— Task —
Would you transcribe the records below from the line with "vidaXL Otomanski posteljni" to the line with "尤尼克斯還在葉片形狀上下了一", ends included, exactly and with nothing more, leaving the pictures out?

— Recorded data —
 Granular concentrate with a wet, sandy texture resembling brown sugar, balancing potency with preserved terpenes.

...

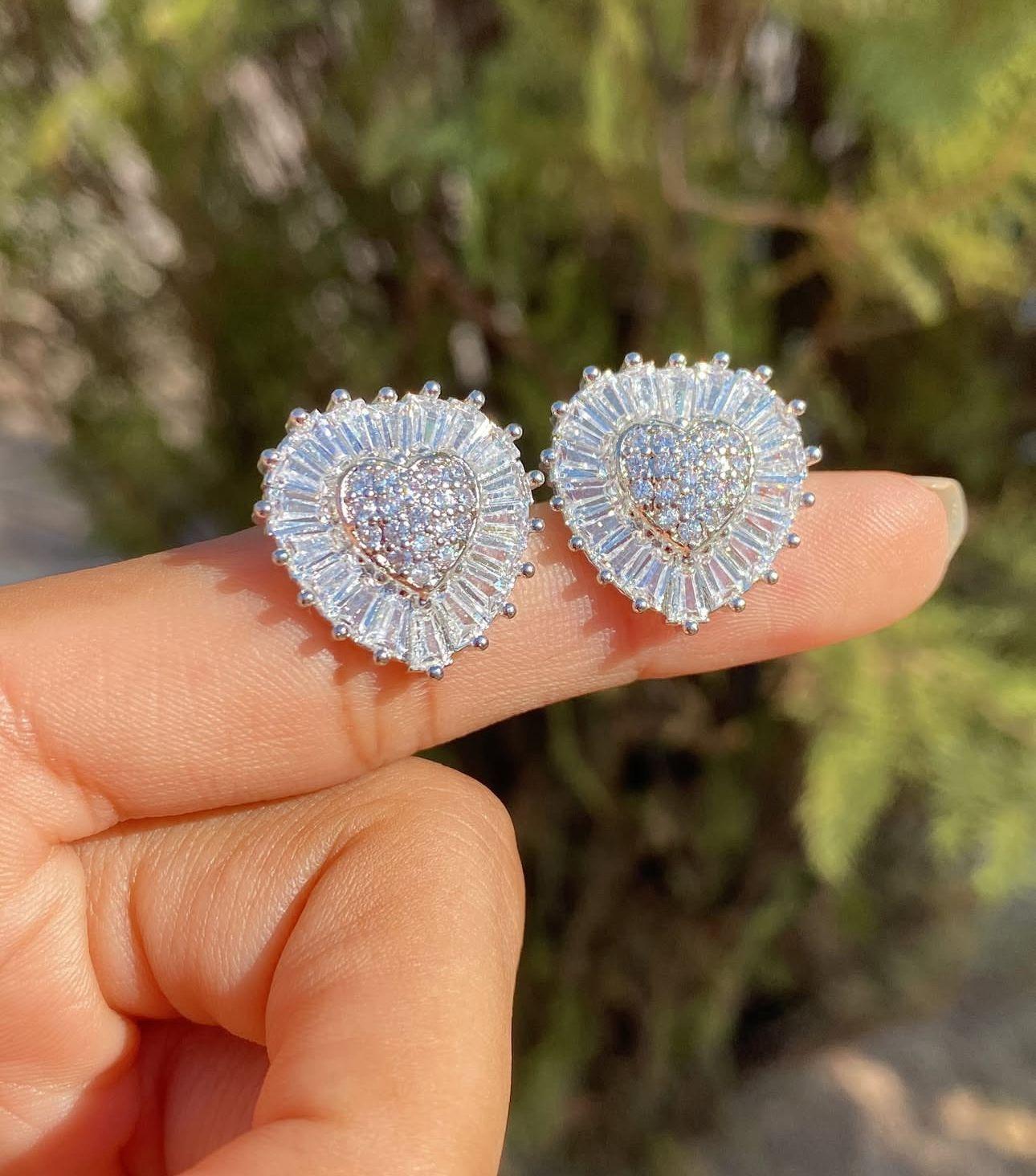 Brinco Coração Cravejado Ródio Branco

--

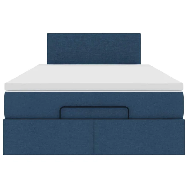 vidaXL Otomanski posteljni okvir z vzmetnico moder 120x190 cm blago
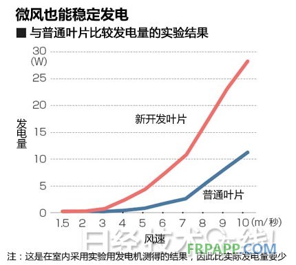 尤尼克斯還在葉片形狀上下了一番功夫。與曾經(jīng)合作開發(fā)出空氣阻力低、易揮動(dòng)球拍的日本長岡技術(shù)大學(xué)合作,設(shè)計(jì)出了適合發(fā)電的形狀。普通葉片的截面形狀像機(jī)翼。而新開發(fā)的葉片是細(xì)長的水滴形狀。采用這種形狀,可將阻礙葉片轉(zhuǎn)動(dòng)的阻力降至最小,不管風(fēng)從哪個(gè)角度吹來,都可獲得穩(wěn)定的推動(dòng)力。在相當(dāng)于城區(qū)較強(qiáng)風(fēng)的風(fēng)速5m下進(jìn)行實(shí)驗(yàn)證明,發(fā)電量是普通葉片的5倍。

— Expected answer —
 vidaXL Otomanski posteljni okvir z vzmetnico moder 120x190 cm blago
 尤尼克斯還在葉片形狀上下了一番功夫。與曾經(jīng)合作開發(fā)出空氣阻力低、易揮動(dòng)球拍的日本長岡技術(shù)大學(xué)合作,設(shè)計(jì)出了適合發(fā)電的形狀。普通葉片的截面形狀像機(jī)翼。而新開發(fā)的葉片是細(xì)長的水滴形狀。采用這種形狀,可將阻礙葉片轉(zhuǎn)動(dòng)的阻力降至最小,不管風(fēng)從哪個(gè)角度吹來,都可獲得穩(wěn)定的推動(dòng)力。在相當(dāng)于城區(qū)較強(qiáng)風(fēng)的風(fēng)速5m下進(jìn)行實(shí)驗(yàn)證明,發(fā)電量是普通葉片的5倍。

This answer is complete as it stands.